++++ Excerpted records
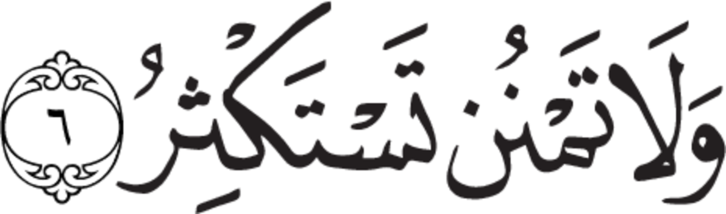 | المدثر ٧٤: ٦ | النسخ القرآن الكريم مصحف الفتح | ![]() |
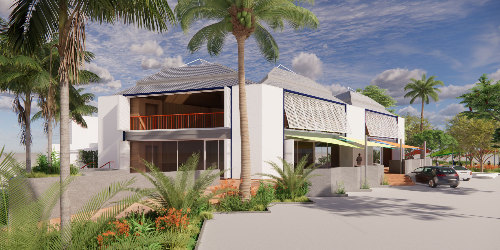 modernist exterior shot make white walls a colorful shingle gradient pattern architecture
++++++++
++++ Excerpted records
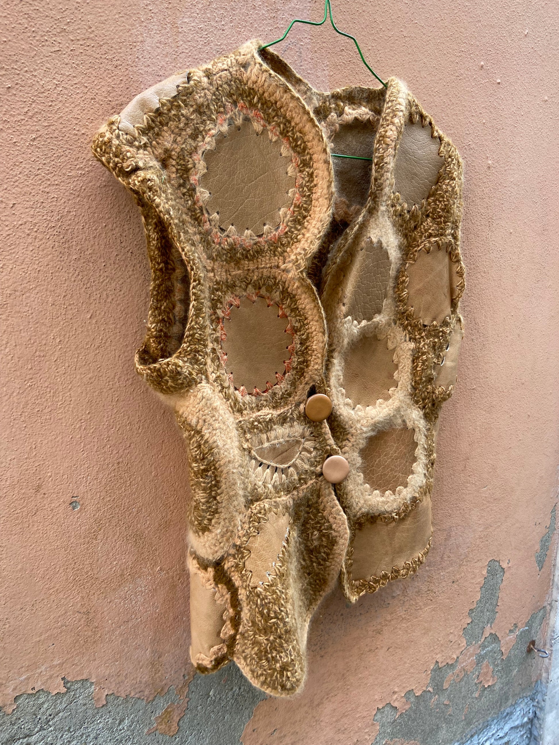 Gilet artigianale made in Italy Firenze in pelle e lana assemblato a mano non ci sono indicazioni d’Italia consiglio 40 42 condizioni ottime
++++++++
* [Work instructions]
From the data above, return exactly the lines from the one with "الفتح | ![]() |" up to and including the one with "modernist exterior shot". Pictures do not go in the copy.

* [Written answer]
 | المدثر ٧٤: ٦ | النسخ القرآن الكريم مصحف الفتح | ![]() |
 modernist exterior shot make white walls a colorful shingle gradient pattern architecture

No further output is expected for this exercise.